== Requirement ==
Return the lines of the material below exactly, beginning with the line that has "La habitación con" in it and finishing with the line that has "Presidente dos Estados" in it. Leave all pictures aside.

== Listed entries ==
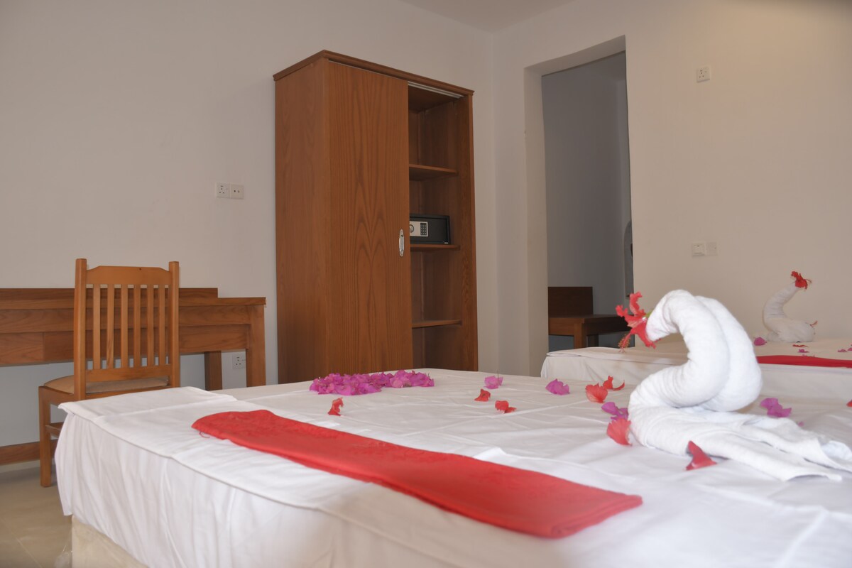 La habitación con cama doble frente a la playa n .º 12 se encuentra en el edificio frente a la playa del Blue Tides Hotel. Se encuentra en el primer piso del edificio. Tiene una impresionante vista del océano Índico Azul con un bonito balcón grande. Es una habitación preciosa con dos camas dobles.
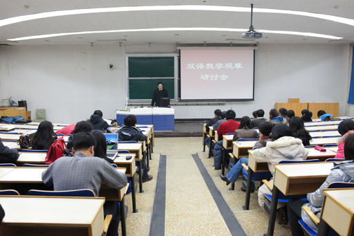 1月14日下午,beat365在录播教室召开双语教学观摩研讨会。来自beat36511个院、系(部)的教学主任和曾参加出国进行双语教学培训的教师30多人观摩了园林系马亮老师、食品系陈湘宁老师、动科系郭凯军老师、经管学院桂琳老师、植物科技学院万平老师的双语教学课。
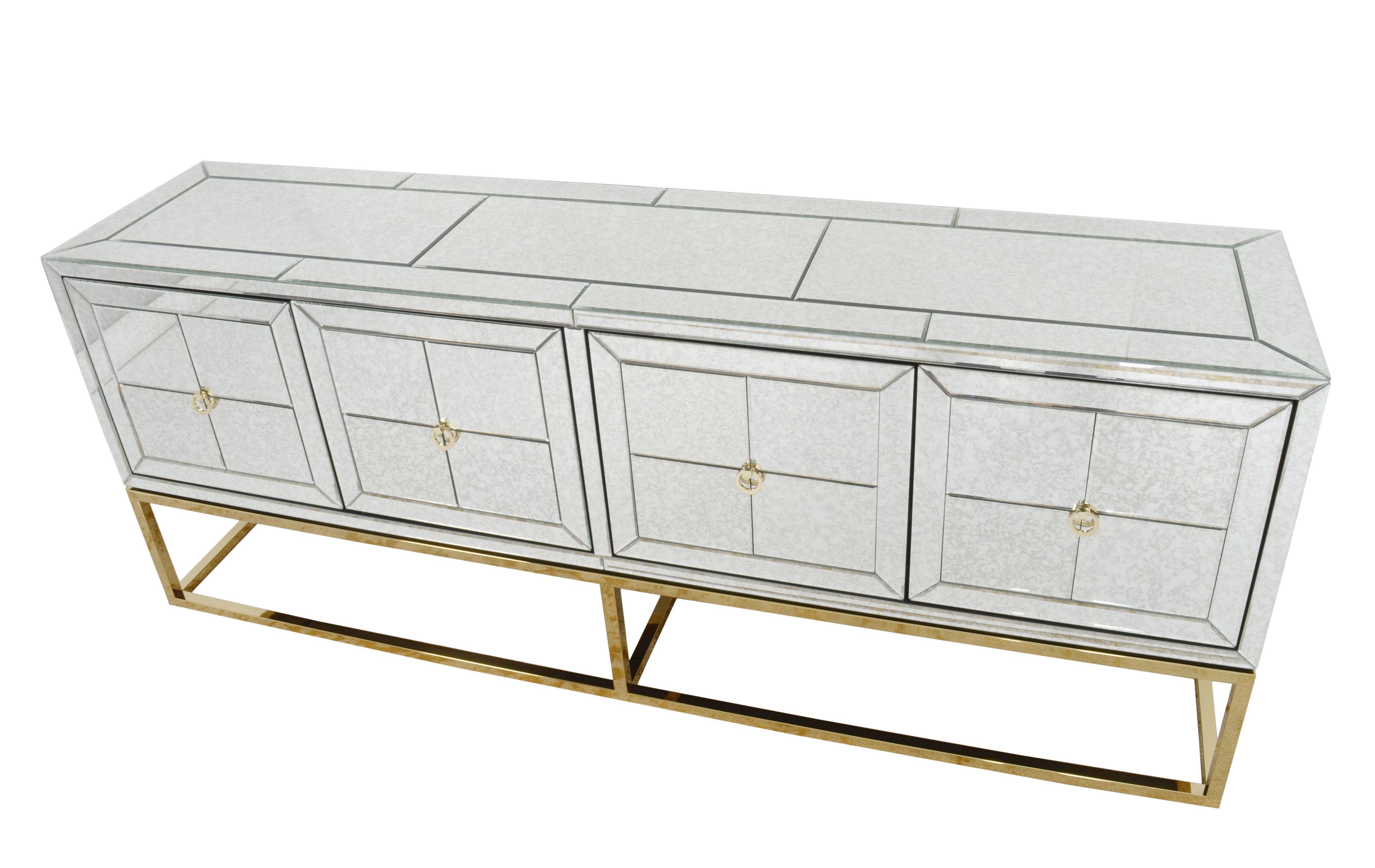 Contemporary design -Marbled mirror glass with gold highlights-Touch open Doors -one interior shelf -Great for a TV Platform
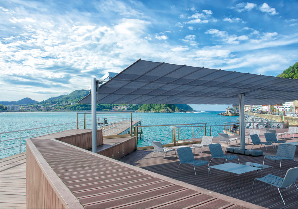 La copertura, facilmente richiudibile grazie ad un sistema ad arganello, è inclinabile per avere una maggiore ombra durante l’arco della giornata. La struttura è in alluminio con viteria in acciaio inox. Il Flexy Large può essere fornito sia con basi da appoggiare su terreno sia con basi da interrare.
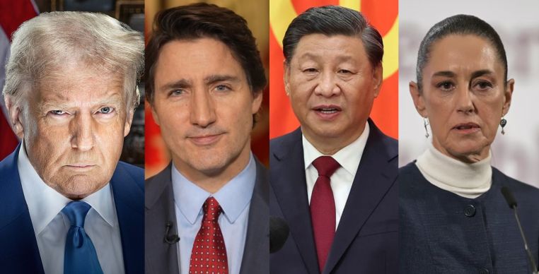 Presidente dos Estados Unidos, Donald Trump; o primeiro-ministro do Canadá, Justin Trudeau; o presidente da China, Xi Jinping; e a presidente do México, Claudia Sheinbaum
==
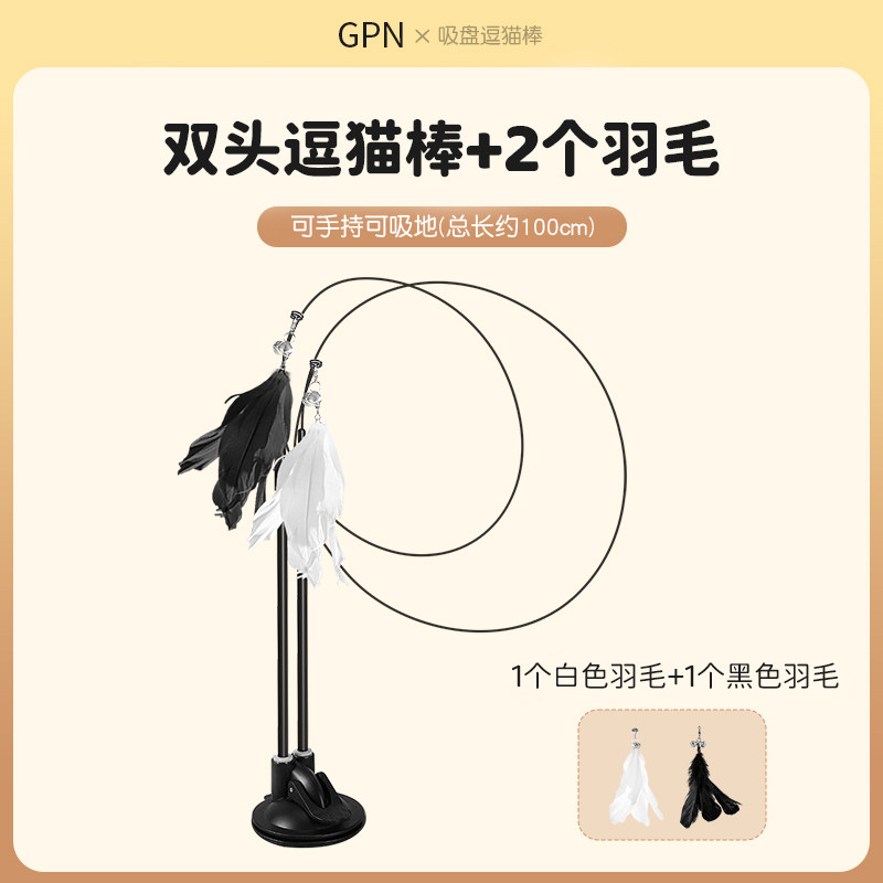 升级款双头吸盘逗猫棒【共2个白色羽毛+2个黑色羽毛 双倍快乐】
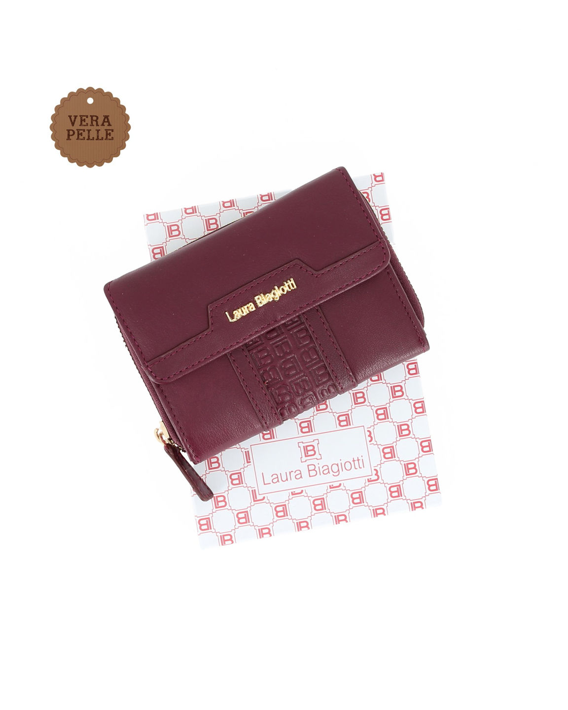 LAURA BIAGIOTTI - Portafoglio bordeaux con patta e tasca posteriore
* * *
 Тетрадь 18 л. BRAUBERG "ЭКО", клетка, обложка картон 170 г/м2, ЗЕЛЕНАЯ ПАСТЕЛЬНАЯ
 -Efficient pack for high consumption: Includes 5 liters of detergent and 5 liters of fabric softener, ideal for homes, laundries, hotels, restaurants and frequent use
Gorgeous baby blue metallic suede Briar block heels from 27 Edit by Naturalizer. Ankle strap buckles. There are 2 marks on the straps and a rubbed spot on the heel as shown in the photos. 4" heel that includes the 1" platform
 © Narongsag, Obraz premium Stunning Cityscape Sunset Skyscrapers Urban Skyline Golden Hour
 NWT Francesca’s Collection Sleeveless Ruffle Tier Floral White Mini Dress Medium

== Output of the task ==
 La habitación con cama doble frente a la playa n .º 12 se encuentra en el edificio frente a la playa del Blue Tides Hotel. Se encuentra en el primer piso del edificio. Tiene una impresionante vista del océano Índico Azul con un bonito balcón grande. Es una habitación preciosa con dos camas dobles.
 1月14日下午,beat365在录播教室召开双语教学观摩研讨会。来自beat36511个院、系(部)的教学主任和曾参加出国进行双语教学培训的教师30多人观摩了园林系马亮老师、食品系陈湘宁老师、动科系郭凯军老师、经管学院桂琳老师、植物科技学院万平老师的双语教学课。
 Contemporary design -Marbled mirror glass with gold highlights-Touch open Doors -one interior shelf -Great for a TV Platform
 La copertura, facilmente richiudibile grazie ad un sistema ad arganello, è inclinabile per avere una maggiore ombra durante l’arco della giornata. La struttura è in alluminio con viteria in acciaio inox. Il Flexy Large può essere fornito sia con basi da appoggiare su terreno sia con basi da interrare.
 Presidente dos Estados Unidos, Donald Trump; o primeiro-ministro do Canadá, Justin Trudeau; o presidente da China, Xi Jinping; e a presidente do México, Claudia Sheinbaum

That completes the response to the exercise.